* YOUR OBJECTIVE *
Where the line with "Kadın boyundan ince askılı elbise s3585" appears below, start writing out lines exactly, and finish with the line with "ハーフジップジャケットは、フ", which is included; write out nothing else.

========

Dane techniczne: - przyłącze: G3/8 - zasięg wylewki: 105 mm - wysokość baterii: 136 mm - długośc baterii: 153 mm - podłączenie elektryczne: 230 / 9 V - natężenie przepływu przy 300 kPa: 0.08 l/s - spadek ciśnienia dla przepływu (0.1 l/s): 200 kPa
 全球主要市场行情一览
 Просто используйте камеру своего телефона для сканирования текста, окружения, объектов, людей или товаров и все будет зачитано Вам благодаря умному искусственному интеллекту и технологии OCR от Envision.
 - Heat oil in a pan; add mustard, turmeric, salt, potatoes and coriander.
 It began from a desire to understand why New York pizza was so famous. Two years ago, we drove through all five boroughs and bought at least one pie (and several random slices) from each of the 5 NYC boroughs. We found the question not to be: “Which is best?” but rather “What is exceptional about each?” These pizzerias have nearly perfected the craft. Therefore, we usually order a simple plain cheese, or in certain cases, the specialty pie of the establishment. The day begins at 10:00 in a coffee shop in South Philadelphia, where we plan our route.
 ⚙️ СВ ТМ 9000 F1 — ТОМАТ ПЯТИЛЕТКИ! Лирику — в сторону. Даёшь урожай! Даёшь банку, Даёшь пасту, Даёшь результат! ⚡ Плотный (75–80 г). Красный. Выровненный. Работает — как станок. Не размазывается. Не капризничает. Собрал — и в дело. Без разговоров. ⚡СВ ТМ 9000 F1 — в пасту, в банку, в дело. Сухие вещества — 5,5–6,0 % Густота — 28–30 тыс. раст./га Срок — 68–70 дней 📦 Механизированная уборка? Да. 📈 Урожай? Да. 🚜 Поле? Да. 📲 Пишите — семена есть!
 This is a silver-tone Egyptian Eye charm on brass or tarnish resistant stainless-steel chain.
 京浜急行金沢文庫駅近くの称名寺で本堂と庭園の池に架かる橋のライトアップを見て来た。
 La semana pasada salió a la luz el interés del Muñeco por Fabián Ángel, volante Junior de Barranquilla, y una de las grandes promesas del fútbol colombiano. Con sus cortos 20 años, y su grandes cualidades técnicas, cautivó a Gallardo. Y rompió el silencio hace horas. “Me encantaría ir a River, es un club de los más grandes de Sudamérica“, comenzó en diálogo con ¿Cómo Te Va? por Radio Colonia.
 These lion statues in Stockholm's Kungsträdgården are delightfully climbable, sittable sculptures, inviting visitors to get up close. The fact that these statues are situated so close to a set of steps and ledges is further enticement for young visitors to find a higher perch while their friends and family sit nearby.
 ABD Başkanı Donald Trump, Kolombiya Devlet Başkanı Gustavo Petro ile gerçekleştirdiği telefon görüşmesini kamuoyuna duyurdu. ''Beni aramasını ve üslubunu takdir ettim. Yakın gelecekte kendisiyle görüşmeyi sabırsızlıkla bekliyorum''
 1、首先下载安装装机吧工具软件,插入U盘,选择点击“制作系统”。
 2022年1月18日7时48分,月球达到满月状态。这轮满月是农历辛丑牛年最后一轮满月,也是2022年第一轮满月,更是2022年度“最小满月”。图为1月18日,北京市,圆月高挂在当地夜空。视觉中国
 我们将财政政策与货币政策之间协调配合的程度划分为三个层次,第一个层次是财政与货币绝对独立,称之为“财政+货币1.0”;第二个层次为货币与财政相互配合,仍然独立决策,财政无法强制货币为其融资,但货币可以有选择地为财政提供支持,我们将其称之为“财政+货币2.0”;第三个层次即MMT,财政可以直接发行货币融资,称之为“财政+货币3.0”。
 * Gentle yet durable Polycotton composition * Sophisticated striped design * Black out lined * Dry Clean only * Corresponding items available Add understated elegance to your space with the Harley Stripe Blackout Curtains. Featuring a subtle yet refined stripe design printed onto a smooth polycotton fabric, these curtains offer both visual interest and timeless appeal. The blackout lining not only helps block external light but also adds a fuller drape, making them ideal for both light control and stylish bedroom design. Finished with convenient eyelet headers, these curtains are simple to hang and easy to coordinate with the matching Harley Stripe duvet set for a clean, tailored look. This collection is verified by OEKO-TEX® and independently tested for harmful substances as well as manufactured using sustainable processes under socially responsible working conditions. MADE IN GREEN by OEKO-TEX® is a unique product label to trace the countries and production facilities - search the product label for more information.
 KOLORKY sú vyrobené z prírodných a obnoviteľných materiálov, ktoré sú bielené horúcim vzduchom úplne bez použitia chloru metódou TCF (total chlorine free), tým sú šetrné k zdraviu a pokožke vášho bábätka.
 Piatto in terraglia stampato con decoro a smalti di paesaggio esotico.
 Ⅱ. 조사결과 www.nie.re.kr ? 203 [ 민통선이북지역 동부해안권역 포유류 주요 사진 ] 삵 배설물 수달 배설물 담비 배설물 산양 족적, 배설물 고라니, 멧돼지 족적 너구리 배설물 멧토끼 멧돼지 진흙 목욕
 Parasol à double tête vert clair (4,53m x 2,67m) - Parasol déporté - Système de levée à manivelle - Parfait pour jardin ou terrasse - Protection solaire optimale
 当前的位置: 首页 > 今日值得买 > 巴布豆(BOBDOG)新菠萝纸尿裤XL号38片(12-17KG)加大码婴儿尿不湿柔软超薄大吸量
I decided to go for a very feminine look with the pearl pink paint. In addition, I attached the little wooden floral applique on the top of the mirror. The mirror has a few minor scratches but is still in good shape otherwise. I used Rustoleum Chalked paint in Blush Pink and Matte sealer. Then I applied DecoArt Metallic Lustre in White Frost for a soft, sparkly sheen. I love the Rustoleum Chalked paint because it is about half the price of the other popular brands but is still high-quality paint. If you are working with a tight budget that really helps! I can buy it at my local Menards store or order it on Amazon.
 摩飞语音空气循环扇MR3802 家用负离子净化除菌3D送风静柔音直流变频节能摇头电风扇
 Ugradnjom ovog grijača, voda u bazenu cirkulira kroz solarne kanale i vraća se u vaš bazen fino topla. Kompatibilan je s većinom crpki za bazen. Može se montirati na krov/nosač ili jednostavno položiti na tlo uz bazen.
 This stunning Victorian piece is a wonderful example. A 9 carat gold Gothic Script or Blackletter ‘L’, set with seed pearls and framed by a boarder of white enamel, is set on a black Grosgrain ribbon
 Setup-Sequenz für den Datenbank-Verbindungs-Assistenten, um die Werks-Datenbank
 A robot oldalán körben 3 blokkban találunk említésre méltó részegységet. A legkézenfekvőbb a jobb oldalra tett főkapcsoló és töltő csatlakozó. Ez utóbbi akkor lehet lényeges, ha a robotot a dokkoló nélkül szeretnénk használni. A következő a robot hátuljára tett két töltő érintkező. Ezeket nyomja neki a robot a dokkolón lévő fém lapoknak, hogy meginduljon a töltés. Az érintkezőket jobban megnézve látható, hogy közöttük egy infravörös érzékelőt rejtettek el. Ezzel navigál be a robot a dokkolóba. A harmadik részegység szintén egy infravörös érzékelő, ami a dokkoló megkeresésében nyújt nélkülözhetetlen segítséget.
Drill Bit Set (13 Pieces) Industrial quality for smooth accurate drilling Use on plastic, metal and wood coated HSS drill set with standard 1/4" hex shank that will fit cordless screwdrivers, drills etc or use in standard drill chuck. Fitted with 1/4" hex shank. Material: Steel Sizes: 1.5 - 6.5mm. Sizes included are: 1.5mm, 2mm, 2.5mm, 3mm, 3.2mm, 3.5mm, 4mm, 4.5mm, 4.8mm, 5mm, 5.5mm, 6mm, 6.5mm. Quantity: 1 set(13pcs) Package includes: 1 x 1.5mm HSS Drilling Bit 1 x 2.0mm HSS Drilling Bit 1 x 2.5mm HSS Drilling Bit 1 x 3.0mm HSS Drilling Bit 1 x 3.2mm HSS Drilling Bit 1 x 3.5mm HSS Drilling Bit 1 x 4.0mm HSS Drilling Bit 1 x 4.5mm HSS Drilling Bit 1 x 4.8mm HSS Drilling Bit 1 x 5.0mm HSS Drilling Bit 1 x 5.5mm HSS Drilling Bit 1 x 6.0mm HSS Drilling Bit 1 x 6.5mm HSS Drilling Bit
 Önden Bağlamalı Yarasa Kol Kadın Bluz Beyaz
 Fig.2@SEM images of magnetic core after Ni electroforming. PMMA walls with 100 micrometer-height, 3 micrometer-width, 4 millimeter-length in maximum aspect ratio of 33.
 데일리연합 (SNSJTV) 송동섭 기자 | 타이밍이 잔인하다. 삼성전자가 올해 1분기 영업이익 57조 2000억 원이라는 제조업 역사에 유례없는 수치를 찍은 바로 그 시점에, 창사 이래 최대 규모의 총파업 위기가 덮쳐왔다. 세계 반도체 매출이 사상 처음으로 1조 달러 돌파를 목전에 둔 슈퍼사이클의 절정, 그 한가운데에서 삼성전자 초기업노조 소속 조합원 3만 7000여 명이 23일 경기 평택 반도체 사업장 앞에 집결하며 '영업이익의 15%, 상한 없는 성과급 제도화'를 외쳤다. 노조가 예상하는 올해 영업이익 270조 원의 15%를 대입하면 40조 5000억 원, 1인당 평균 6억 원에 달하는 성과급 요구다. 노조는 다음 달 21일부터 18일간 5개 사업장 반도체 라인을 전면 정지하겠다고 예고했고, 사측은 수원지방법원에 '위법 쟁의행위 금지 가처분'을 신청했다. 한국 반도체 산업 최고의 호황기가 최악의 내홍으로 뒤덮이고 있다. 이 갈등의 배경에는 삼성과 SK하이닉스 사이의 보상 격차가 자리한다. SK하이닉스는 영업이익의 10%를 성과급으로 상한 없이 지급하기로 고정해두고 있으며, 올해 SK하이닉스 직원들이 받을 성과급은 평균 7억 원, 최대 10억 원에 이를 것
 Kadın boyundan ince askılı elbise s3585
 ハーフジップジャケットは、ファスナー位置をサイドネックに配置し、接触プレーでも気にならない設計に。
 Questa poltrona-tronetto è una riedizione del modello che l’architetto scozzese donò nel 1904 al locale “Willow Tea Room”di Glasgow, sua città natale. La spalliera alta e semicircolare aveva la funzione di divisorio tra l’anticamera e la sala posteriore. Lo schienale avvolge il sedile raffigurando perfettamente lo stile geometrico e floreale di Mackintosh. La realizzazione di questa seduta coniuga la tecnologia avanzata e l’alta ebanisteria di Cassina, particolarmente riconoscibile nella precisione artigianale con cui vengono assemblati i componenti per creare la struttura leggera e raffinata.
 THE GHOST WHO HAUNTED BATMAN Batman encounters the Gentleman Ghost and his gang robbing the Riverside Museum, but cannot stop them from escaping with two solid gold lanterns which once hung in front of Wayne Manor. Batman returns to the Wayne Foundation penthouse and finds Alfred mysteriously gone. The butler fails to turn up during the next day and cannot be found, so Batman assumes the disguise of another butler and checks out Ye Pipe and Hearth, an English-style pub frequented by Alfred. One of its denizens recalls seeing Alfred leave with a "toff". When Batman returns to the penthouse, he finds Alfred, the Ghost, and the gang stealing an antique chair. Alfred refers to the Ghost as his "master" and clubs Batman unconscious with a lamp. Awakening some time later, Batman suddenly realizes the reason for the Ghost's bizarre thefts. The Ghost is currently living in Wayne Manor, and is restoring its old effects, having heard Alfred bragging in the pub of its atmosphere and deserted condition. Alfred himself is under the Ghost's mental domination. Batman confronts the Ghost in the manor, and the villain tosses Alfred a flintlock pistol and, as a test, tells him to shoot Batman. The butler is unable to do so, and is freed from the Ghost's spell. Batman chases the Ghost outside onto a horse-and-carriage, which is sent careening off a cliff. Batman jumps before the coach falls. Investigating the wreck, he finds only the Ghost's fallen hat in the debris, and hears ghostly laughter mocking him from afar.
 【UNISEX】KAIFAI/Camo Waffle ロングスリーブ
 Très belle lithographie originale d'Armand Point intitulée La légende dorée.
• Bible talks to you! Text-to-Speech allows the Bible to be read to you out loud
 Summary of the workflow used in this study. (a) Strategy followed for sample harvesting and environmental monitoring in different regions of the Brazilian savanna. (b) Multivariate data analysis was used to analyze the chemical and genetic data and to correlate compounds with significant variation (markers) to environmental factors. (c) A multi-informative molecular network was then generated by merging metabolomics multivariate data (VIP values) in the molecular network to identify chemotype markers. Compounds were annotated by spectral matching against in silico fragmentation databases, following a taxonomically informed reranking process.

========

* TASK RESPONSE *
 Kadın boyundan ince askılı elbise s3585
 ハーフジップジャケットは、ファスナー位置をサイドネックに配置し、接触プレーでも気にならない設計に。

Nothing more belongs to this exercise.